INPUT:
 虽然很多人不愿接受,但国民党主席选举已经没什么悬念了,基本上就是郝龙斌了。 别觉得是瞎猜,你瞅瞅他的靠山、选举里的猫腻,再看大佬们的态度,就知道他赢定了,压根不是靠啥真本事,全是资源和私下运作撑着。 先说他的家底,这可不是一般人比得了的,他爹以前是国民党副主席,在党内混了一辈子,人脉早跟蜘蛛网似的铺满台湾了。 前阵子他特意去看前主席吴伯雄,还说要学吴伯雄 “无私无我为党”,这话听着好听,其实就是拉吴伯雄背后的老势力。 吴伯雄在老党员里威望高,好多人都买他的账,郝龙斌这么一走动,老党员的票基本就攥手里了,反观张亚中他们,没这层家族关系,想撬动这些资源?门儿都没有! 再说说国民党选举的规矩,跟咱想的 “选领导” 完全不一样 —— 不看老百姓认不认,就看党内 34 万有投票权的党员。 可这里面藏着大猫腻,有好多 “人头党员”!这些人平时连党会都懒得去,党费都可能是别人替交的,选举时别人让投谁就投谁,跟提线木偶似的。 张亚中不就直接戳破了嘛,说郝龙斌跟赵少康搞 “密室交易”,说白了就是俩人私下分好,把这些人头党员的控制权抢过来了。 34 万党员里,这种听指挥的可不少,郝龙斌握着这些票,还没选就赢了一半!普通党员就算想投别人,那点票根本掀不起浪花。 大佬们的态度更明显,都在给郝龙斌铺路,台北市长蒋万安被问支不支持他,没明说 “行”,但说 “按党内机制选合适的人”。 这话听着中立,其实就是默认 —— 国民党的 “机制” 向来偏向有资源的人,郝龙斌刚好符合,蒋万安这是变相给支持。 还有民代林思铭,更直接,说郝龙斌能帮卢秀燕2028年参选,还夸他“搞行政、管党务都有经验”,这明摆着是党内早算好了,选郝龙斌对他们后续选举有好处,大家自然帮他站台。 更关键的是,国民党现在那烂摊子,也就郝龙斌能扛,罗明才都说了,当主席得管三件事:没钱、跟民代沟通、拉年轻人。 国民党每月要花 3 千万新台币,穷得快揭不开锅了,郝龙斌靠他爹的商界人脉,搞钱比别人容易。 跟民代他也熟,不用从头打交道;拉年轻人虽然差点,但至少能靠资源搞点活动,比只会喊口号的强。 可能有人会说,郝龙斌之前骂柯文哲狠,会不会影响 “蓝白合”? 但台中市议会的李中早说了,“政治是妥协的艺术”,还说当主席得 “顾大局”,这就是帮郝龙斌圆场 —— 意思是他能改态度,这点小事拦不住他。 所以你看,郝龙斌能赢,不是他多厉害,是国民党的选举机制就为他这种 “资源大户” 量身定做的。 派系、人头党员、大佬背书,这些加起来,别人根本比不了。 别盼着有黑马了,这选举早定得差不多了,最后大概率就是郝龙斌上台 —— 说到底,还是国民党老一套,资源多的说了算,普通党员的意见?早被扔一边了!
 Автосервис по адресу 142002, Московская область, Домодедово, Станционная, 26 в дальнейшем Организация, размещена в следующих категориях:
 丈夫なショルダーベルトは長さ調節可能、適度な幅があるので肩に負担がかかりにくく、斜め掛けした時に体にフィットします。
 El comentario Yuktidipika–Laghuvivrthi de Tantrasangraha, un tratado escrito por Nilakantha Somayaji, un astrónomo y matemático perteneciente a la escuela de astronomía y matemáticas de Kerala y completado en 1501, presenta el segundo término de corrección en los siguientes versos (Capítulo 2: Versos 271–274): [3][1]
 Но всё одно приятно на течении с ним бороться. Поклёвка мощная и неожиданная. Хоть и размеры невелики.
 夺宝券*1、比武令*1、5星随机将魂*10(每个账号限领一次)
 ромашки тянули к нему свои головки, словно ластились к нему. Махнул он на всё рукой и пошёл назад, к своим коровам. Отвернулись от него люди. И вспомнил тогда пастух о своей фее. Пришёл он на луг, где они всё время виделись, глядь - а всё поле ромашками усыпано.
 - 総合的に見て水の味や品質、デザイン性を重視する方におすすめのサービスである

EXERCISE REQUIREMENTS: Starting at the line with "El comentario Yuktidipika–Laghuvivrthi", copy each line through the end of the data, both ends included, and give nothing else.

SOLUTION FOR THIS TASK:
 El comentario Yuktidipika–Laghuvivrthi de Tantrasangraha, un tratado escrito por Nilakantha Somayaji, un astrónomo y matemático perteneciente a la escuela de astronomía y matemáticas de Kerala y completado en 1501, presenta el segundo término de corrección en los siguientes versos (Capítulo 2: Versos 271–274): [3][1]
 Но всё одно приятно на течении с ним бороться. Поклёвка мощная и неожиданная. Хоть и размеры невелики.
 夺宝券*1、比武令*1、5星随机将魂*10(每个账号限领一次)
 ромашки тянули к нему свои головки, словно ластились к нему. Махнул он на всё рукой и пошёл назад, к своим коровам. Отвернулись от него люди. И вспомнил тогда пастух о своей фее. Пришёл он на луг, где они всё время виделись, глядь - а всё поле ромашками усыпано.
 - 総合的に見て水の味や品質、デザイン性を重視する方におすすめのサービスである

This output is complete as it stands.